Zmian ma być całkiem sporo. W pierwszej kolejności firmy pożyczkowe będą nadzorowane przez Komisję Nadzoru Finansowego. Oczywiście z tego tytułu przewidziano odpowiednie składki w wysokości 0,5% przychodu. Jej wysokość nie może być jednak niższa niż 5 000 euro. Trzeba przyznać, że to całkiem sporo. Ponadto wartość minimalnego kapitału zakładowego będzie musiała zostać podwyższona z obecnych 200 000 złotych do 1 miliona. Po zmianach pożyczkodawcy obligatoryjnie sprawdzą też naszą zdolność kredytową zanim wypłacą pieniądze.
Wszystkie te nowości wcale nie przerażają firm działających w branży. Już teraz muszą one posiadać odpowiednie licencje i uprawnienia, stąd wprowadzenie nadzoru przez KNF uważa się za naturalne następstwo obowiązujących regulacji. Z przerażeniem przyjmowane są jednak pomysły związane z bezpośrednim zarabianiem na pożyczkach. To może bowiem stać się niemożliwe.

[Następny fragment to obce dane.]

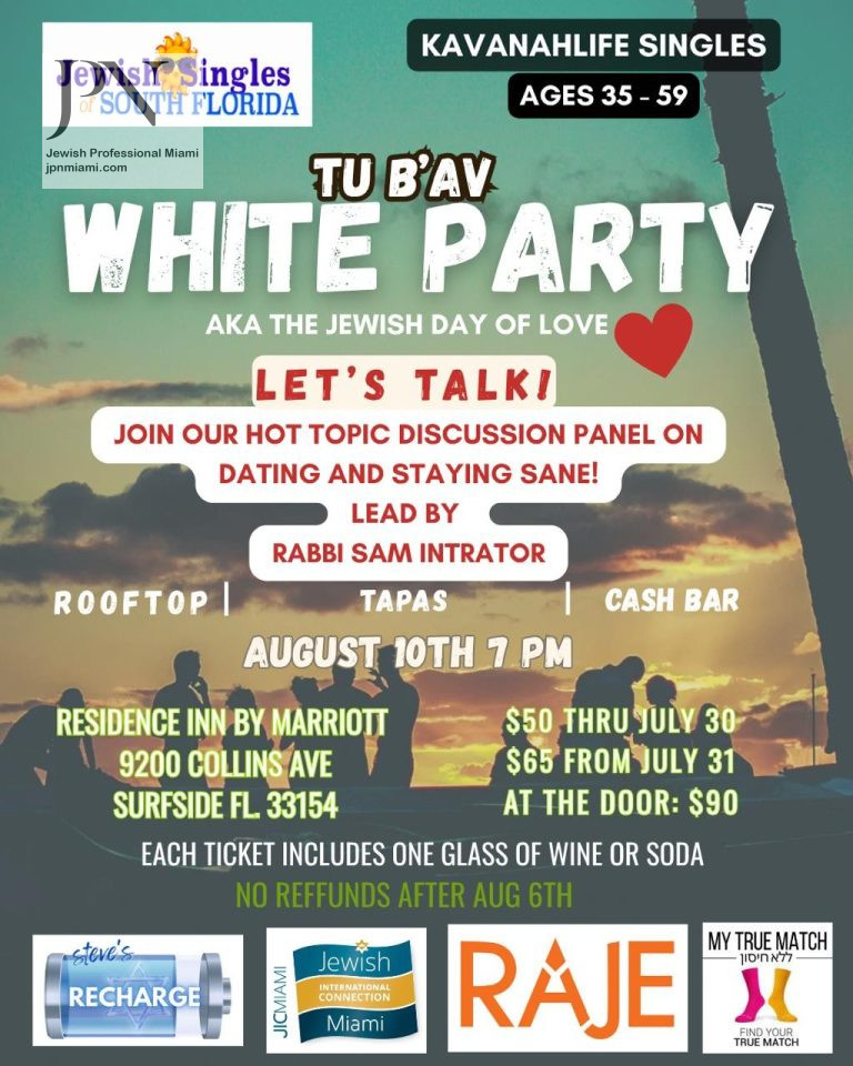 Details: Jewish Singles of South Florida and KavanahLife Singles present a Tu B’Av White Party for ages 35–59. Celebrate the Jewish Day of Love with rooftop views, kosher food and beverages, and an interactive discussion on “Staying Sane While Dating” led by Rabbi Sam Intrator. Attendees may volunteer to be part of the panel. Each ticket includes a glass of wine or soda. No refunds after August 6.

Odsetki od pożyczek zabiją branżę
W chwili obecnej całkowite koszty kredytu konsumenckiego nie mogą przekroczyć 25% kwoty kredytu oraz 30% innych opłat zależnych od okresu kredytu. W pierwotnym projekcie ustawy wartości te zmniejszono do 10% w obu przypadkach. Spadki były zatem odczuwalne zwłaszcza, że to właśnie ten koszt był głównym zarobkiem firm pożyczkowych.
Po poprawkach odsetki od całkowitej kwoty kredytu nie mają przekraczać 8%. Branża alarmuje, że takie regulacje dosłownie zabiją rynek. Tak drastyczne obniżenie progów popchnie wiele przedsiębiorstw na skraj rentowności. Tymczasem rynek i tam mocno ucierpiał już podczas walki z epidemią, kiedy to wprowadzono rozwiązania chroniące konsumentów. Teraz trudno uznać, ze zmiany przysporzą się obywatelom, skoro wielu z nich straci dostęp do szybkich pożyczek.
Walka z lichwą tak, zabijanie rynku stanowcze nie
Rząd niestety znów dał się porwać pokusie maksymalnego zabezpieczenia interesu obywateli w walce niedobrymi przedsiębiorcami. Efekt może być taki, że już za chwilę pieniędzy nie będzie miał kto pożyczać. Skoro bowiem nagle koszty ograniczane są tak drastycznie to zmiany mocno uderzą w rynek. Straci na tym nie tylko branża, ale głównie biedniejsi obywatele. Zdolność kredytowa wielu Polaków w ostatnim czasie mocno spadła, a więc jedyną szansą na szybkie zdobycie gotówki są pożyczki. Okazuje się, że zaraz i tego może zabraknąć.
Taki rozwój wydarzeń to idealny scenariusz dla lombardów. Na wprowadzanych zmianach ich właściciele mogą zyskać podwójnie. Nie dość, że wprowadzane limity tej branży nie obowiązują, to lombardy mogą przejąć dużą część klientów pożyczkowych. Uzyskanie szybkiego zastrzyku gotówki będzie bowiem możliwe jedynie w takich miejscach. Jak w takim przypadku uznawać reformę za prokonsumencką?
Jeszcze inny aspekt to ograniczanie swobody działalności gospodarczej. Po pierwsze krajobraz firm pożyczkowych w ostatnich latach mocno się zmienił. Przedsiębiorców wykorzystujących trudną sytuację klientów i biorą za to gigantyczne pieniądze jest coraz mniej. Po drugie w niektórych miejscach odsetki od pożyczek są wyższe, bo firmy udzielają je bardziej ryzykownym klientom. W takich przypadkach oczekują więc większego zwrotu, co jest zupełnie naturalne. Po zmianach tego typu zabiegi nie będą możliwe, gdyż koszty spadną do bardzo niskich poziomów, a konstruowanie jeszcze korzystniejszych ofert będzie grą na wyniszczenie.
Na koniec zaznaczamy, że walka z lichwą jest oczywiście istotna. Rozwiązania chroniące obywateli wprowadza się w wielu krajach. Polegają one głównie na nadzorze i surowym karaniu łamiących przepisy. Dzięki temu branża pożyczkowa jest dobrym uzupełnieniem dla zdrowego sektora bankowego. Wprowadzanie rozwiązań tak drastycznie obniżających zyski pożyczkodawców zaburza równowagę, co ostatecznie odbija się na konsumencie. Dopóki ustawa nie została przegłosowana na zmiany nie jest za późno. Pytanie czy rządzącym wystarczy odwagi, by przyznać się do błędu i na ostatniej prostej zracjonalizować maksymalne odsetki od pożyczek.